Rapid-Scanning Prairie Multiphoton Microscope System for Molecular Biology Models
Princeton University, Princeton NJ
Investigators
Abstract
DESCRIPTION (provided by applicant): This application requests funds to purchase a Prairie Instruments Ultima multiphoton microscope system. This new instrument will greatly extend the current capabilities for fluorescence microscopy at Princeton University. The Prairie system will allow researchers to perform multiphoton microscopy deep in thick specimens labeled with multiple fluorescent probes at high frame rates, while reducing photodamage and avoiding loss of signal from scattering of light entering and exiting the specimen. Existing microscopes at Princeton University are conventional confocal microscopes, limiting the depth of focus and the duration of observation that is possible. The Prairie system's multiphoton frame scanning capability allows researchers to acquire dynamic colocalization data with high spatial resolution in tissues where scattering prevents one-photon methods (e.g. confocal microscopy) from penetrating. Examples include fly embryos and ovaries, developing zebrafish, and mammalian tissues ranging from bone to brain. The system accomplishes fast frame scanning by using acousto-optical devices for beam steering, thus exceeding the scan speed limit imposed by using galvanometer-mounted mirrors.
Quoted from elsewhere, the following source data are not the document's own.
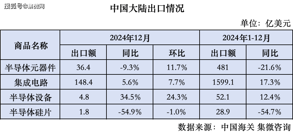 2024年1-12月,中国半导体器件出口金45。09亿美元,集成电出口金额1650。42亿美元,半导体设备出口金额49。49亿美元,半导体硅片出口金额10。72亿美元。12月,中国半导体器件出口金额3。71亿美元,集成电出口金额161。89亿美元,半导体设备出口金额4。08亿美元,半导体硅片出口金额0。87亿美元。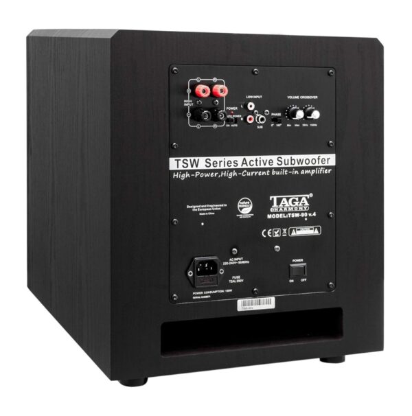The TAGA Harmony TSW-90 v.4 Subwoofer in Black or Wenge finish is a compact 10″ active subwoofer designed to deliver deep, clean bass with precision and control for home theater and stereo systems. This fourth-generation model features a redesigned high-current Class AB amplifier with 95W RMS output (260W peak), offering improved efficiency, faster transient response, and lower distortion. The 255mm paper cone woofer is housed in a TLIE (Taga Low Interference Enclosure) cabinet made from thick MDF panels, internally braced and acoustically damped to eliminate unwanted resonances and standing waves. A rear slotted bassreflex port enhances airflow and extends low-frequency output with minimal turbulence. The v.4 version includes upgraded capacitors, a modified woofer motor structure, and a detachable IEC power inlet for enhanced stability and audiophile cable compatibility. With auto on/off, phase control, and compact footprint, the TSW-90 v.4 delivers room-filling bass with clarity and punch—ideal for audiophiles, movie lovers, and space-conscious setups.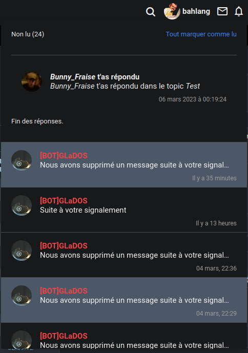 Vous pouvez ensuite cliquer sur la notification pour aller sur le topic.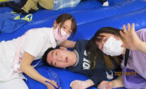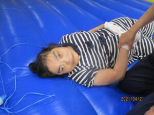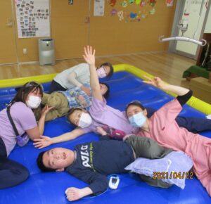 第2病棟は保育士が1週間療育活動を考えて展開していきます。今週はエアトランポリンをして楽しみました!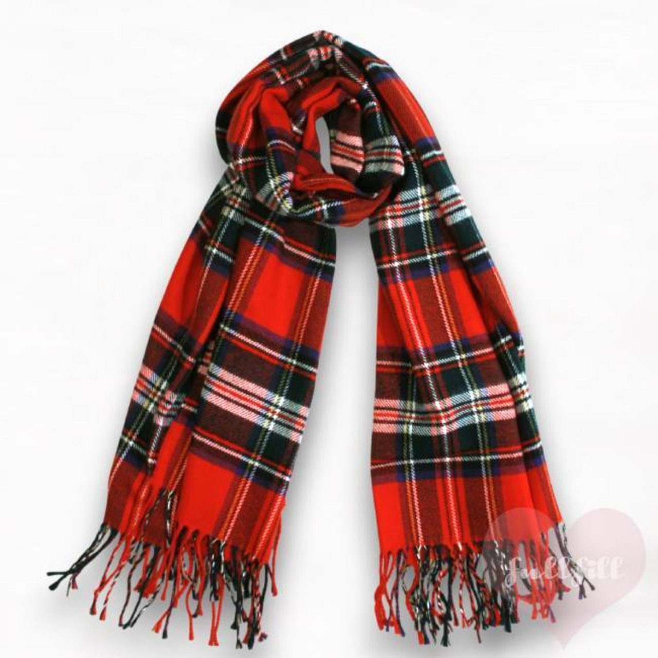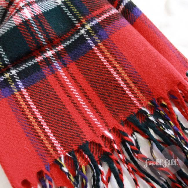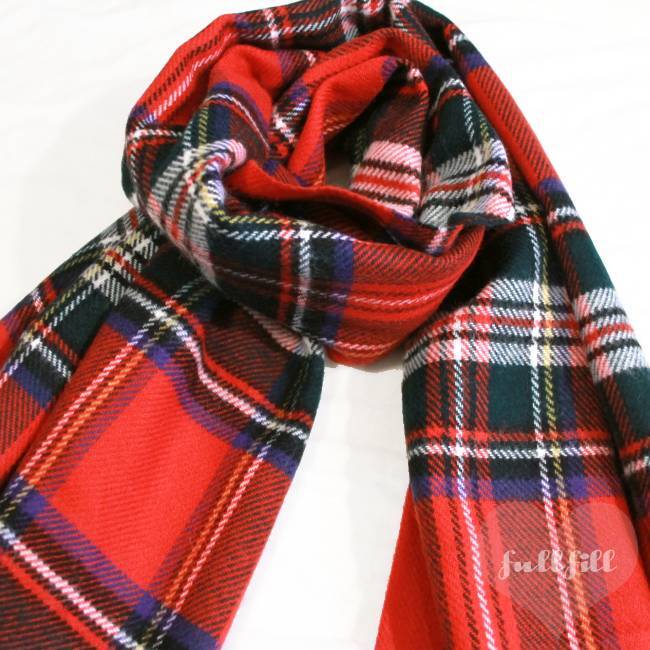 冬の定番、赤系タータンチェック柄の大判マフラー。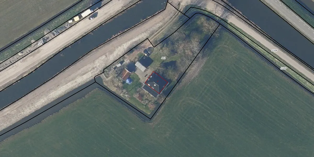 Het adres is gelegen op perceel 441 in de sectie V en de kadastrale gemeente Opmeer. De kadastrale aanduiding is aldus OMR01-V-441. Het perceel is 2250 m² groot. Dat is kleiner dan de gemiddelde perceeloppervlakte in Opmeer, dat op 5374,6 m² ligt. Het grootste perceel in de kadastrale gemeente is 39,0 ha. Het kleinste perceel heeft een oppervlakte van 0 m². Dit is het enige adres dat aanwezig is op het perceel. De huidige grenzen van het perceel zijn digitaal in de Basisregistratie Kadaster (BRK) geregistreerd op 25-03-2005.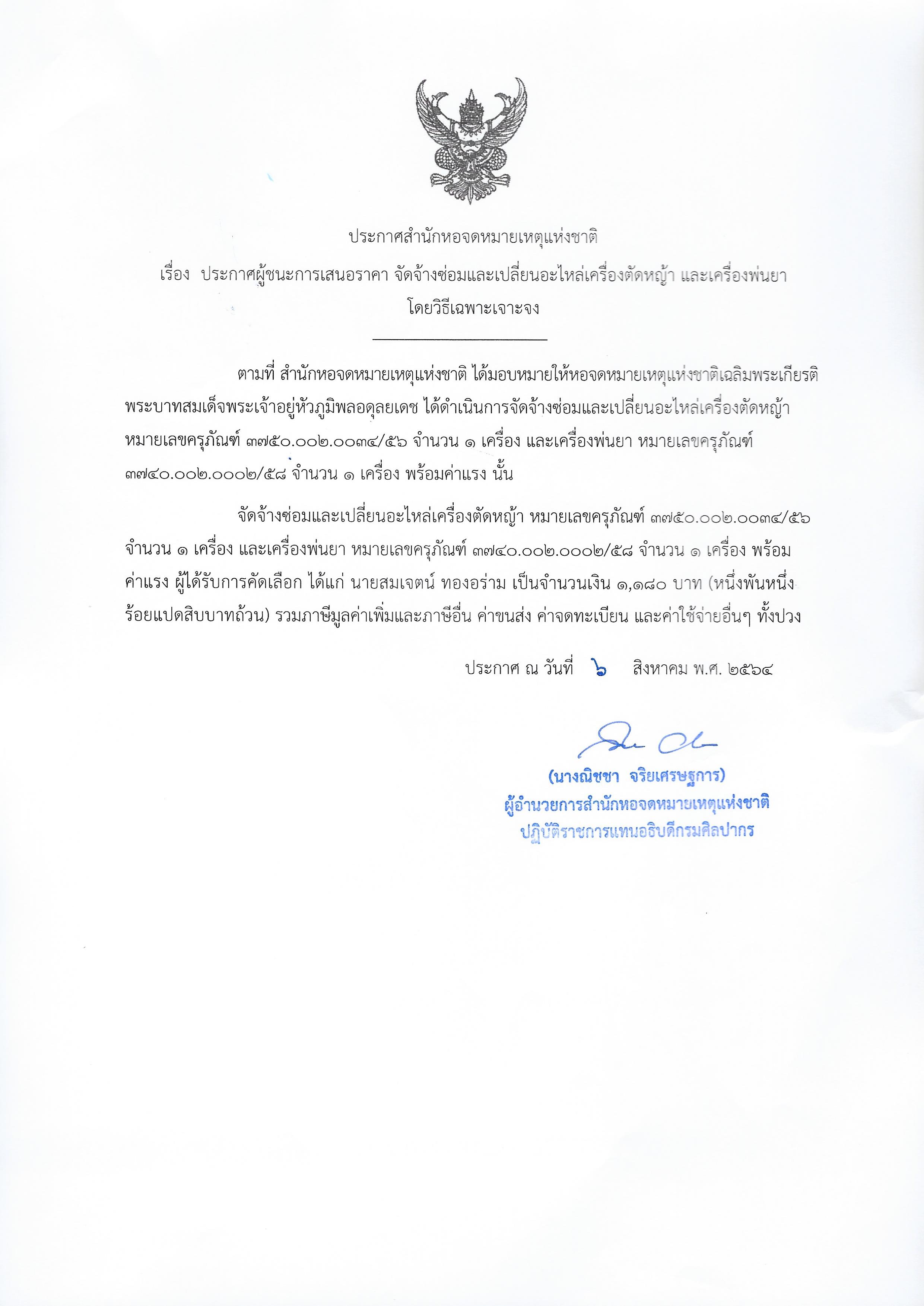 ประกาศสำนักหอจดหมายเหตุแห่งชาติ เรื่อง ประกาศผู้ชนะการเสนอราคา จัดจ้างซ่อมและเปลี่ยนอะไหล่เครื่องตัดหญ้า และเครื่องพ่นยา โดยวิธีเฉพาะเจาะจง

Substage detection will increase the signal collection by a factor of two or more compared with light collection through the excitation objective alone. In addition to these imaging features, a second laser and set of galvanometers allow photoactivation of fluorescent proteins and photolysis of synthetic "caged" signaling molecules. Overall, these capabilities will allow Princeton researchers to track rapidly moving intracellular particles, morphological change, and biochemical dynamics on a subcellular scale with movie-rate temporal resolution. Research currently undertaken at Princeton which will benefit greatly from the Prairie system include studies of mRNA transport and cell movement in Drosophila oocytes and embryos, herpes virus assembly and transport in neuronal cells, multicellular signaling by glia and neurons in intact brain tissue, and morphogenesis of normal and cancerous ducts in breast tissue. Study of each of these biological systems will provide valuable information pertaining to significant human health problems such as birth defects, viral infection, neurological disease, and cancer.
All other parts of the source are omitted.